Data

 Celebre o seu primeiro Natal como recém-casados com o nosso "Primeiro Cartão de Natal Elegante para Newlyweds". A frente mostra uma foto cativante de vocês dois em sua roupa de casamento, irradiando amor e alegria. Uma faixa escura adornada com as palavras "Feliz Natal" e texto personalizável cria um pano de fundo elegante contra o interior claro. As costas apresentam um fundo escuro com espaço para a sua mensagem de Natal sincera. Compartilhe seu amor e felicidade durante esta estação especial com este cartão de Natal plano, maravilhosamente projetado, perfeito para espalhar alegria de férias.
--
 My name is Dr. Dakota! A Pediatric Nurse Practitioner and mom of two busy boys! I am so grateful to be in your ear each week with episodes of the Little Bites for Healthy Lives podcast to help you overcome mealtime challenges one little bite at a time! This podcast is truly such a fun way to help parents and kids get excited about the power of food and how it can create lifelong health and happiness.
* * *
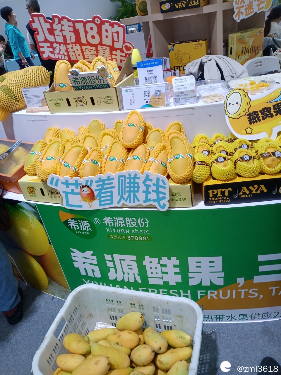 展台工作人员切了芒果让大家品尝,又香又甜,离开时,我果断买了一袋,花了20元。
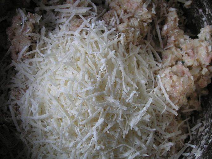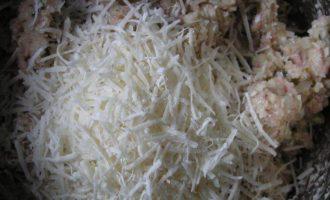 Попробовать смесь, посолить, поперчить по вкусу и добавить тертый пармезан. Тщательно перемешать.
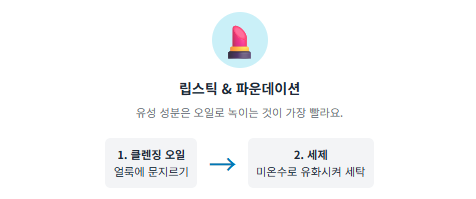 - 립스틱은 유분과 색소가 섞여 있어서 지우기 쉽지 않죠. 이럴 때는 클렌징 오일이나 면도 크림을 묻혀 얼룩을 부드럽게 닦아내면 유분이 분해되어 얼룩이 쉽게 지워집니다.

Required action
In the listing above, find the line containing "Попробовать смесь, посолить, поперчить" and the line containing "- 립스틱은 유분과 색소가". Print those two lines and every line between them exactly, with no pictures.

Answer area
 Попробовать смесь, посолить, поперчить по вкусу и добавить тертый пармезан. Тщательно перемешать.
 - 립스틱은 유분과 색소가 섞여 있어서 지우기 쉽지 않죠. 이럴 때는 클렌징 오일이나 면도 크림을 묻혀 얼룩을 부드럽게 닦아내면 유분이 분해되어 얼룩이 쉽게 지워집니다.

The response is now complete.